I started looking in to the spark stuff about a month ago but got distracted this month, I'll start looking at it again
ruaok
iliekcomputers: I have two key things to discuss about your proposal. 1) recommending a track without giving any comment on the recommendation feels like its missing something. somehow incomplete. 2) The interactions with BrainzPlayer need improvements for a better user experience
iliekcomputers
hmm.
let's chat about 1
ruaok
k.
iliekcomputers
let's chat about 1 first, i mean
ruaok
I fully understands that adding comment option opens pandoras's box.
iliekcomputers
i'm not totally against it. i was trying to keep things simple. if we do go that road, i assume the comment would ideally live in CB
reosarevok
should the user recommending give the comment, or the one who gets recommended?
(or both)
ruaok
hmmm.

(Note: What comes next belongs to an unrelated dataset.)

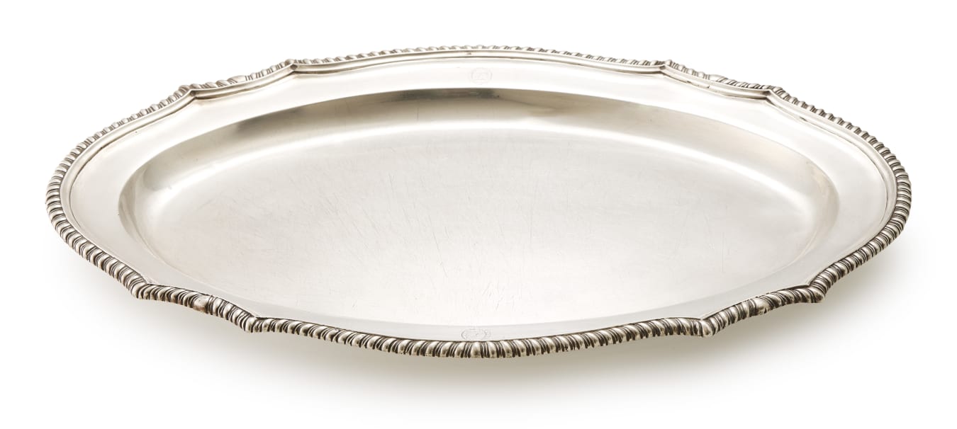 oval, with wavy gadrooned border, the rim engraved with crests, 2080g

CB.
iliekcomputers
the user recommending the track, i would say
ruaok
anothe can of worms, really.
iliekcomputers
i would be against allowing threads for nw
so the users who see the recommendation wouldn't be able to comment
ruaok
yes, no threads or comments. #dontreadthecomments
reosarevok
haha
ruaok
counter-recommend, not comment.
reosarevok
One thing that would be cool is to be told whether the user you recommended it to loved/hated it
(you have buttons for that, right?)
ruaok
that I see useful.
reosarevok
So, you get *some* reaction, but without the comments
ruaok
up/down voting.
reosarevok
If you want to actually talk about it, send the user a message
iliekcomputers
again, a good idea, not sure if we want it in the initial version.
reosarevok
Via MB or whatever (that'd be easier once we had MeB accounts not mainly living in MB :p)
ruaok
+1 to both iliekcomputers and reosarevok
I think limiting the features in the first run will give us a better idea as to how to continue better in the long run
reosarevok
Yeah
iliekcomputers
this project would essentially set up the base, allowing people to add friends
once that's done, there's a whole host of things we could do
reosarevok
IMO as a start, just allowing people to send recommendations and that's it is enough
ruaok
and recommend a recording, yes?
iliekcomputers
yeah.
reosarevok
I mean, that's what we sometimes do here, with zas dropping a bandcamp link or whatever
ruaok
great. I think that is a very good first step.
reosarevok: THAT
this allows a vehicle for zas to do this. and I want to read his feed.
then lets move to point 2.
iliekcomputers
wait
reosarevok
Later you can decide whether you want a "timeline" with "your friend X got a BB badge!!"